Die Schweizer Asylpolitik ist heute bestimmt vom Asylrechts-missbrauch, von Absurditäten und der Untätigkeit sowie der Führungslosigkeit der Verantwortlichen im Asylbereich. Verfahren dauern im Schnitt 1400 Tage, die Gesuchszahlen explodieren, die Kriminalität nimmt zu, die Kosten im Asylwesen steigen von Jahr zu Jahr. Der Unmut und die Unsicherheit in der Bevölkerung werden immer stärker. Daher hat sich eine Arbeitsgruppe intensiv mit den nötigen Verbesserungen im Asylwesen beschäftigt und 45 Anträge für die am 23. /24. Februar 2012 in der SPK behandelten Asylgesetzrevision verfasst. An der heutigen Pressekonferenz wurden diese vorgestellt.

Die Forderungen bestehen einerseits aus Sofortmassnahmen, die durch dringliche Motionen den Bundesrat zum Handeln auffordern:

  • Mit Italien soll ein Abkommen zur raschen Überstellung von Dublinfällen abgeschlossen werden.
  • Mit Staaten, die Dublin nicht zufriedenstellend anwenden, insbesondere Italien, sollen unverzüglich wieder Grenzkontrollen eingeführt werden.
  • Der Bund soll mehr Haftplätze für kriminelle Asylanten zur Verfügung stellen.
  • Die Nothilfepauschale pro Asylbewerber an die Kantone soll als Anreiz zur schnelleren Wegweisung gesenkt.
  • Die Gemeinden mit Empfangszentren sollen mit einer Sicherheits-pauschale von Seiten des Bundes entschädigt werden.

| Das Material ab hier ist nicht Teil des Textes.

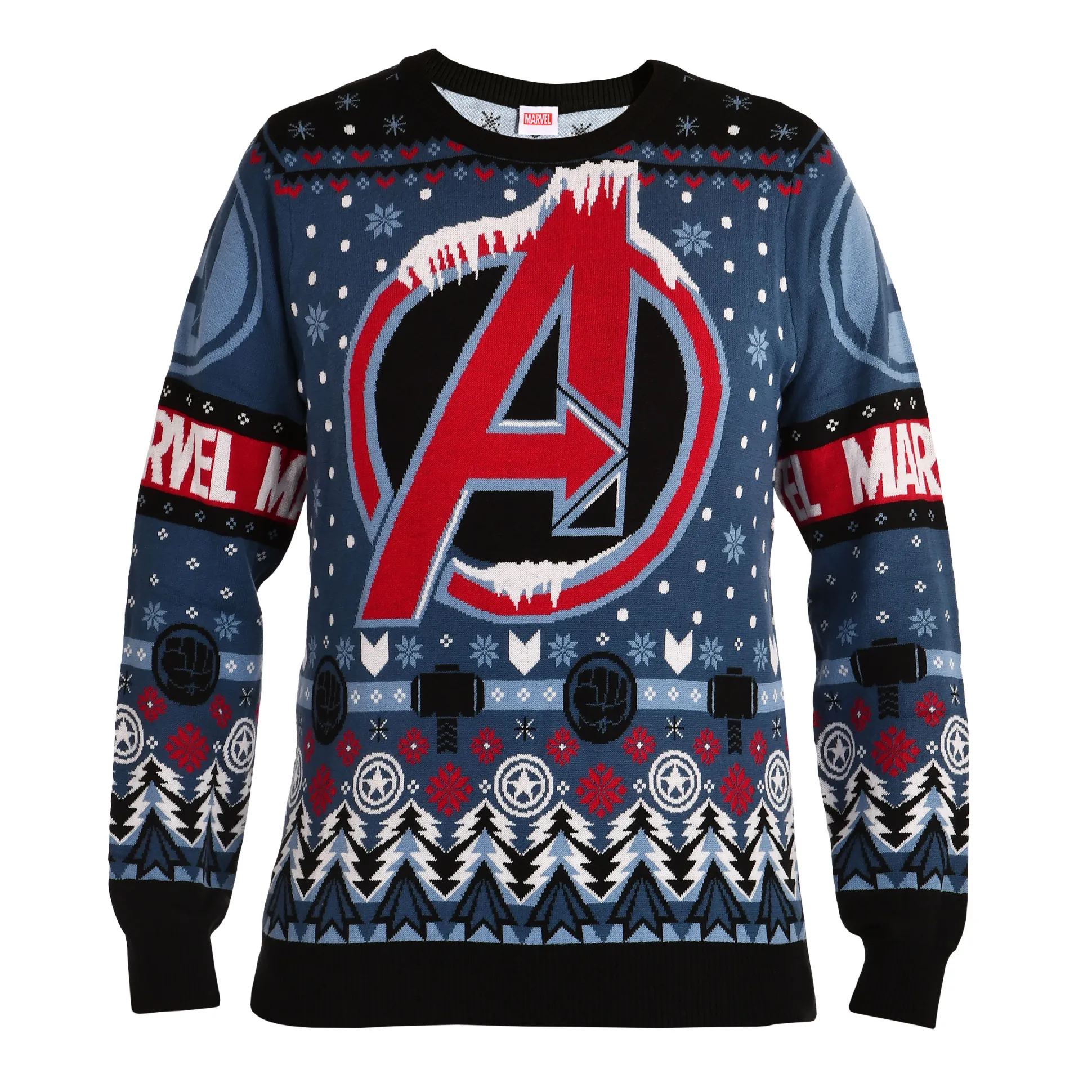 De winter belt: assemble! Deze officieel gelicentieerde Marvel gebreide trui met een ijzig Avengers-logodesign maakt koude dagen heldhaftig. Een Noords patroon rondom — voor én achter — met de logo’s van Hulk, Captain America en Thor loopt over de zachte brei: perfect voor kerstmarkten, kantoorborrels of bankmarathons. De ronde hals en rechte pasvorm zitten relaxed, terwijl brede, stevige boorden de warmte vasthouden. In blauw en zwart past deze foute kersttrui bij jeans, leggings en een spoor van kruimels. Pak je winter-sidekick en geef de boom een scheut superheldengloed.
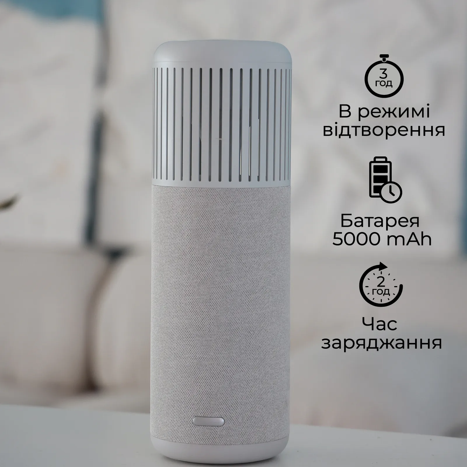 До 3 годин у режимі музики, або 2 години у режимі музики та світла. Повністю заряджається за 2 години комплектним адаптером.
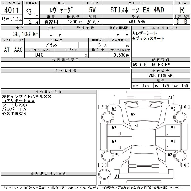SUBARU LEVORG 2021 г., лот № 4011

Für die Änderung des Asylgesetzes werden Anträge zur Senkung der Attraktivität, der Verfahrensverkürzung und des besseren Vollzuges und Wegweisung eingereicht. Die wichtigsten Forderungen sind:

  • Wehrdienstverweigerung und Desertation sind keine Asylgründe.
  • Exilpolitische Tätigkeit gilt nicht als Flüchtlingseigenschaft.
  • Die Frist für eine Niederlassungsbewilligung darf nicht länger sein, als jene im Ausländerbereich.
  • Sozialleistungen und Nothilfe erhält nur, wer die Identität bekannt gibt.
  • Unterstützung und Nothilfe wird nur noch in Form von Sachleistungen ausgerichtet.
  • Die Nothilfe wird auf vier Monate beschränkt.
  • Die Sozialhilfe wird zwingend entzogen bei einer Freiheitsstrafe oder bei Verletzung der Mitwirkungspflichten.
  • Vorläufig Aufgenommene haben kein Recht auf Familiennachzug.
  • Asylverfahren von Untergetauchten werden abgeschrieben.
  • Mit einer Vorabklärung soll vor der Entgegennahme des Gesuches abgeklärt werden, ob überhaupt Asylgründe vorliegen.
  • Aufhebung der aufschiebenden Wirkung bei Beschwerden gegen Nichteintretensentscheide, Wiedererwägungsgesuche und Mehrfach-gesuchen.
  • Streichung der Möglichkeit von Mehrfachgesuchen.
  • Streichung der Härtefallregel zum Erhalt der Aufenthaltsbewilligung.
  • Schaffung gesetzlicher Grundlage zur geschlossenen Unterbringung von deliktischen, renitenten und dissozialen Personen.

Mit diesen und weiteren Anträgen soll die heute unwirksame und teilweise gar kontraproduktive Asylgesetzrevisionsvorlage Wirkung entfalten. Nur so kann dem Asylmissbrauch ein Riegel geschoben und ein klares Signal gegen Schlepper und Profiteure gesendet werden.